* **ENTRIES SUPPLIED**:

━━━━

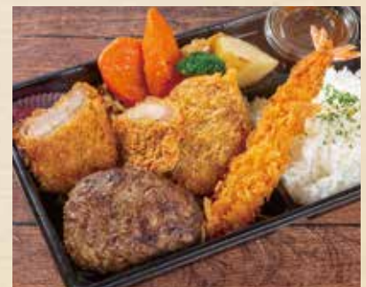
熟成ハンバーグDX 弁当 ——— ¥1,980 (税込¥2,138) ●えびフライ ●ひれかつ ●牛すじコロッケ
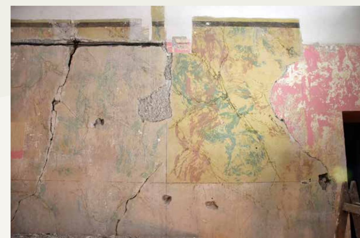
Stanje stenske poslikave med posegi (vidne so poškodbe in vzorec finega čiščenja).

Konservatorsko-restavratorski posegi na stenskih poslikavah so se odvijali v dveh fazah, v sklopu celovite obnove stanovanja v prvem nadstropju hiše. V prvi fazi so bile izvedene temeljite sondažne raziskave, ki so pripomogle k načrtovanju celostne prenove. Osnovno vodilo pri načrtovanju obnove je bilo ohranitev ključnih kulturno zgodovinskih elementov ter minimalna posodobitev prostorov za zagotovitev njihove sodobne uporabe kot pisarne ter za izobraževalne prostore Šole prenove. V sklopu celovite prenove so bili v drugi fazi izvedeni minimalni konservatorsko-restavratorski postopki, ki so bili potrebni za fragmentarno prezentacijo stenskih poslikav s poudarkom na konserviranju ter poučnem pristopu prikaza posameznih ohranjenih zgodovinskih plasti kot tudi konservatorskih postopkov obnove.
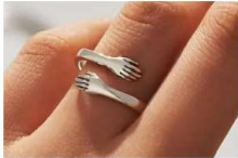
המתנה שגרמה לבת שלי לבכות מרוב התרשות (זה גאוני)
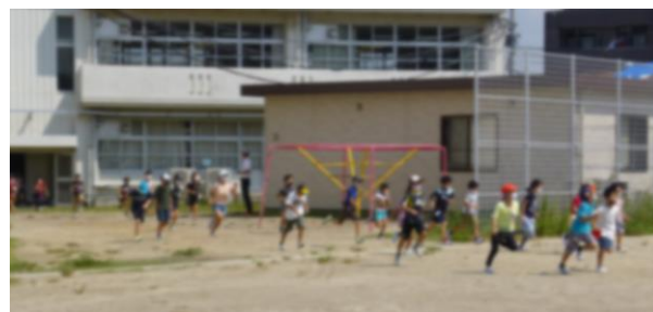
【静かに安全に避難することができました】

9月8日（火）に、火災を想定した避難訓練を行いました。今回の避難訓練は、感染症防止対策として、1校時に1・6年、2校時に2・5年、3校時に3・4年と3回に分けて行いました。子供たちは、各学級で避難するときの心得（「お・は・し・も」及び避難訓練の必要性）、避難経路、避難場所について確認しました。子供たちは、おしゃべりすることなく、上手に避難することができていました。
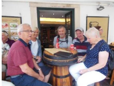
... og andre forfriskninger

━━━━

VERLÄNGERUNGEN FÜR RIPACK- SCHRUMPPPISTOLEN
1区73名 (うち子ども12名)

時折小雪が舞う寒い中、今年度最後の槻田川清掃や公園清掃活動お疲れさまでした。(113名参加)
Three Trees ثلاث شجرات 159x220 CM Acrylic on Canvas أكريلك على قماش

━━━━

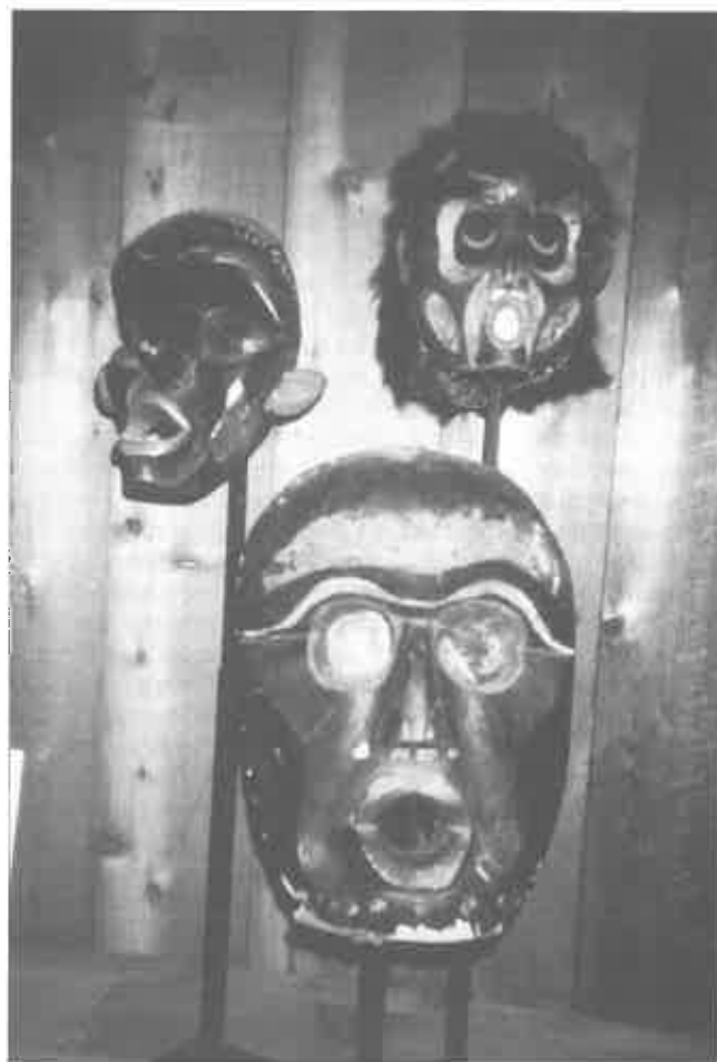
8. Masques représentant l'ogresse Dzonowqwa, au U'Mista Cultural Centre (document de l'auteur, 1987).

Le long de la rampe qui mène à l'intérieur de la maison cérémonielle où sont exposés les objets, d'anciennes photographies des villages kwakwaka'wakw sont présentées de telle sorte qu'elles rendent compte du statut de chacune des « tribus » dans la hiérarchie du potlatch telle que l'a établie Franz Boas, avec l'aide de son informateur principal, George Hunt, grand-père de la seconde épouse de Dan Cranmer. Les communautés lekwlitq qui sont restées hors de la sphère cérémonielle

━━━━

* **WHAT TO WORK ON**: Show all lines above containing "posegi".

* **WRITTEN REPLY**:
Stanje stenske poslikave med posegi (vidne so poškodbe in vzorec finega čiščenja).
Konservatorsko-restavratorski posegi na stenskih poslikavah so se odvijali v dveh fazah, v sklopu celovite obnove stanovanja v prvem nadstropju hiše. V prvi fazi so bile izvedene temeljite sondažne raziskave, ki so pripomogle k načrtovanju celostne prenove. Osnovno vodilo pri načrtovanju obnove je bilo ohranitev ključnih kulturno zgodovinskih elementov ter minimalna posodobitev prostorov za zagotovitev njihove sodobne uporabe kot pisarne ter za izobraževalne prostore Šole prenove. V sklopu celovite prenove so bili v drugi fazi izvedeni minimalni konservatorsko-restavratorski postopki, ki so bili potrebni za fragmentarno prezentacijo stenskih poslikav s poudarkom na konserviranju ter poučnem pristopu prikaza posameznih ohranjenih zgodovinskih plasti kot tudi konservatorskih postopkov obnove.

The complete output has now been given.